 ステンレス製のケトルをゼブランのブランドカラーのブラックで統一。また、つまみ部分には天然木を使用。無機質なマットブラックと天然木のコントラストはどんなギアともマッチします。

◇ ◇ ◇ ◇

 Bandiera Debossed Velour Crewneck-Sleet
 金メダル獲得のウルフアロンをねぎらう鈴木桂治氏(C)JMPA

◇ ◇ ◇ ◇

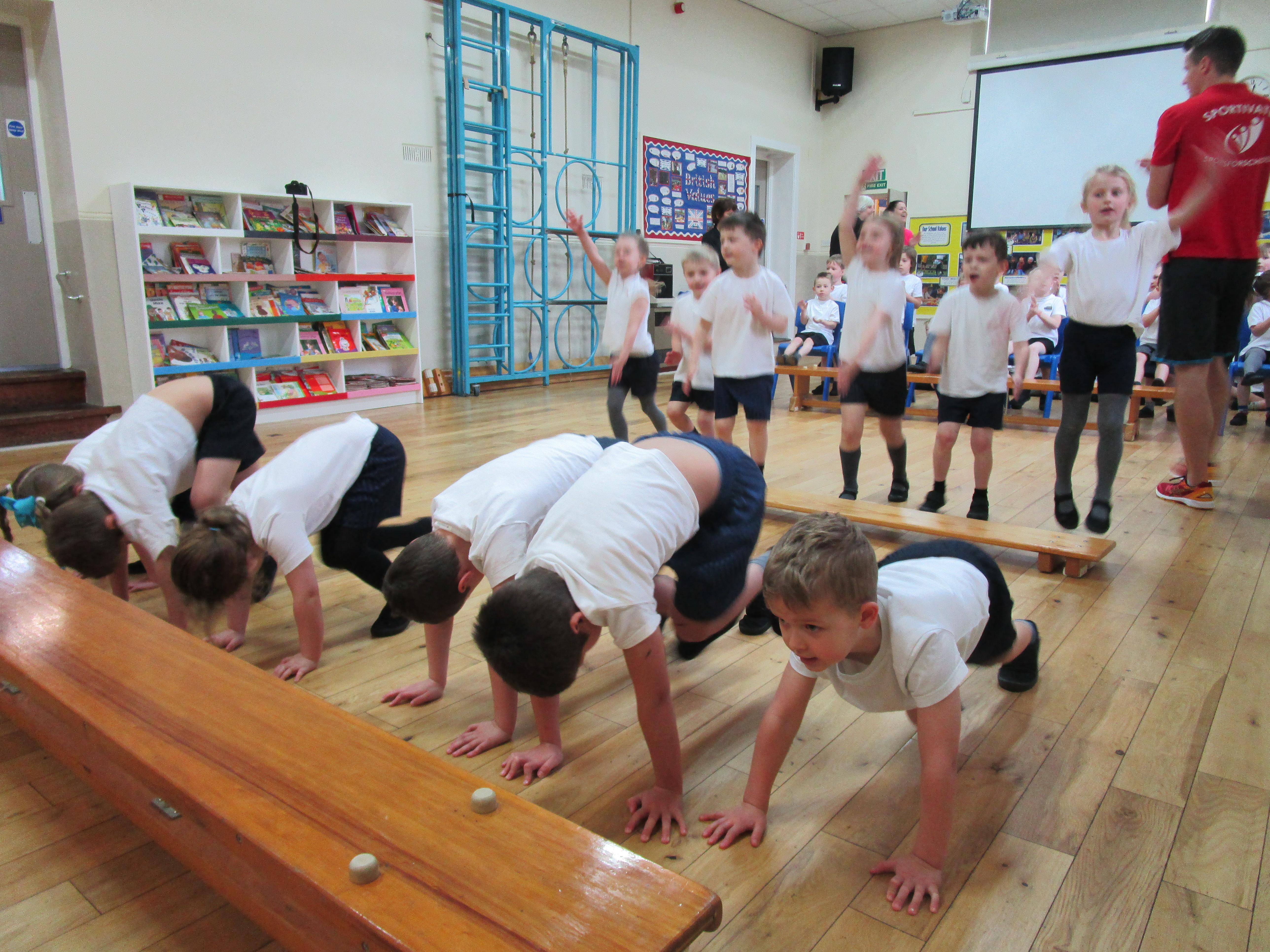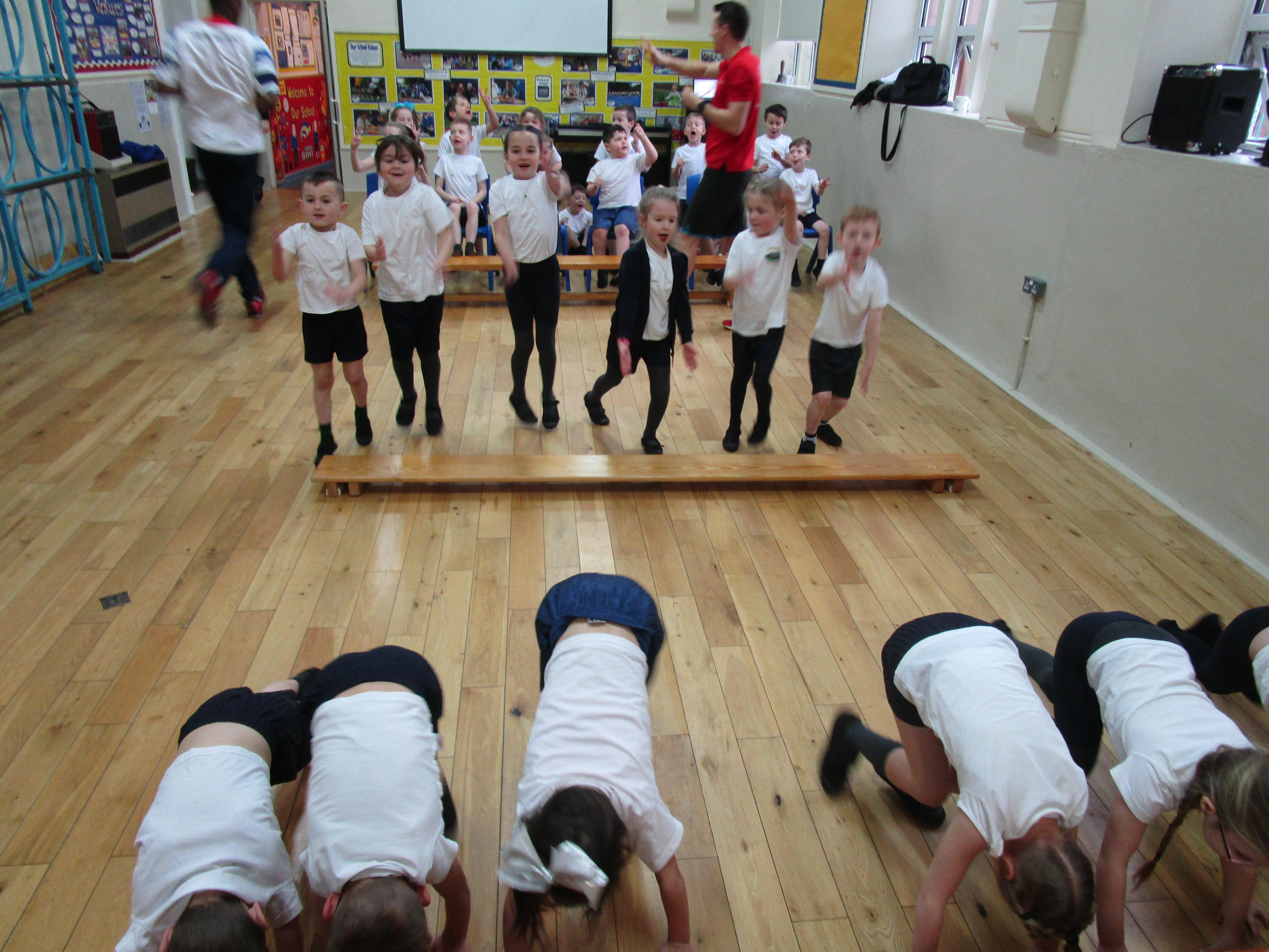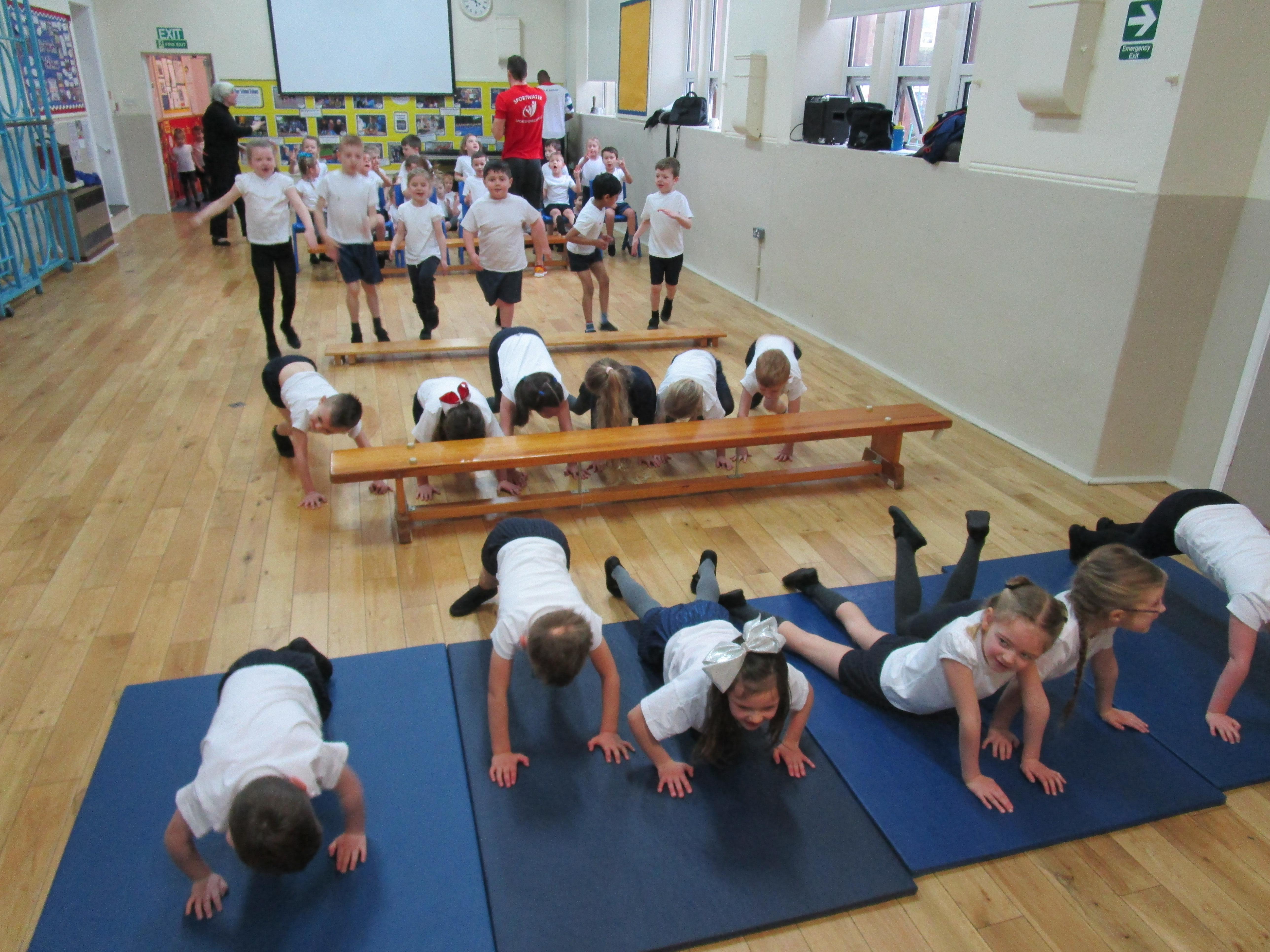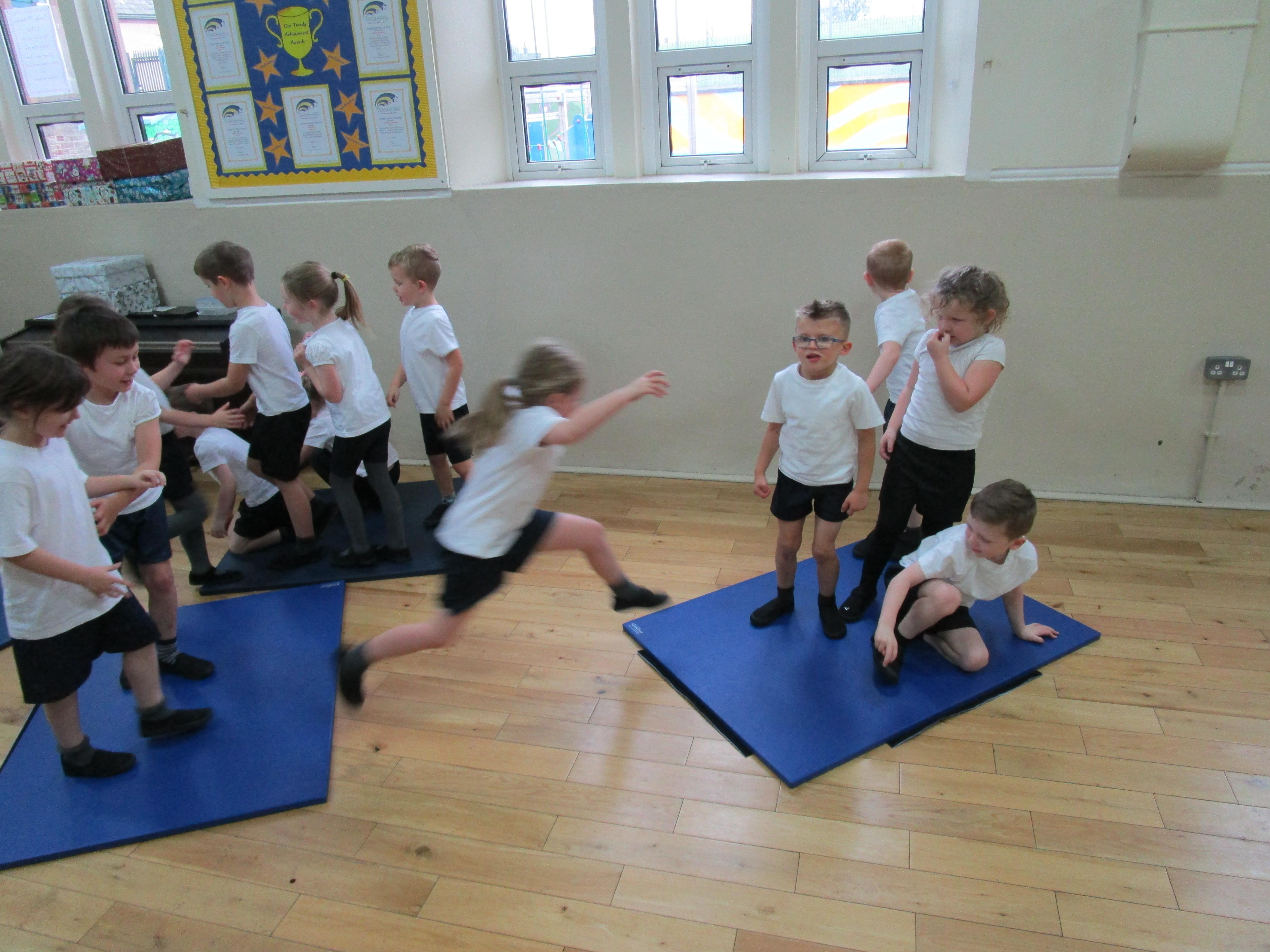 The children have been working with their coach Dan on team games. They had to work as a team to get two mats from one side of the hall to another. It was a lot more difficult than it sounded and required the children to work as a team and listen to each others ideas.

◇ ◇ ◇ ◇

TRY IT
Among the entries above, find the line with "Bandiera Debossed Velour Crewneck-Sleet" and the line with "金メダル獲得のウルフアロンをねぎらう鈴木桂治氏(C)JMPA"; give again exactly these two lines and all lines between them.

REPLY
 Bandiera Debossed Velour Crewneck-Sleet
 金メダル獲得のウルフアロンをねぎらう鈴木桂治氏(C)JMPA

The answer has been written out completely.